Глотаю сухим горлом. Моргаю. Заставляю себя дышать и думать. Отныне я не сомневаюсь: Ларкс постарался и составил настоящий список «ценностей Элены». Первый номер списка, Матвей, уже вычеркнут из жизни… Следующим наверняка значится деда Пётра, а после, на крайний случай моего упрямства, – Мари.
Ларкс ужасающе точен в угрозах. Страшный удар. Смотрю на неподвижного Матвея – и ощущаю себя нищей и мертвой.
Я онемела и оглохла. Но я упрямо дышу, дышу… сглатываю рвотные позывы. Очень больно. До ужаса пусто в душе.
Было бы легче, если б я сошла с ума, хоть на время.
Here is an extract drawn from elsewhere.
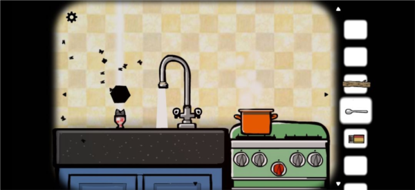 来到厨房,将锅接水后放在煤气灶上,打开白色开关,用火柴点燃。之后将哈维的蛋丢进锅中煮, 一阵黑烟后蛋熟了。放在一边的固蛋器上用汤匙敲碎蛋壳,从里面飞出了大量黑色的飞蛾。

Но мозг работает лучше обычного. Сейчас, на пороге стационара, я обязана сделать выбор, сразу и бесповоротно.
Первый путь: отступить назад, запереть дверь, тихо вернуться в приемный покой. И впредь лгать, что я не заходила сюда. Но завтра мне придется – как и предупредил Ларкс – принять его условия. Едва я закрою дверь и уйду, мне останется лишь полное подчинение Юргенам. Оно даст призрачную надежду спасти деда Пётру и Мари… Допустим, Ларкс не добьёт меня сразу новыми угрозами, предположим, ему папаша прикажет поставить меня на колени, но позволит жить моим родным… Даже тогда я буду обречена похоронить себя под могильной плитой страха. Утром я окажусь раздавлена. Точка.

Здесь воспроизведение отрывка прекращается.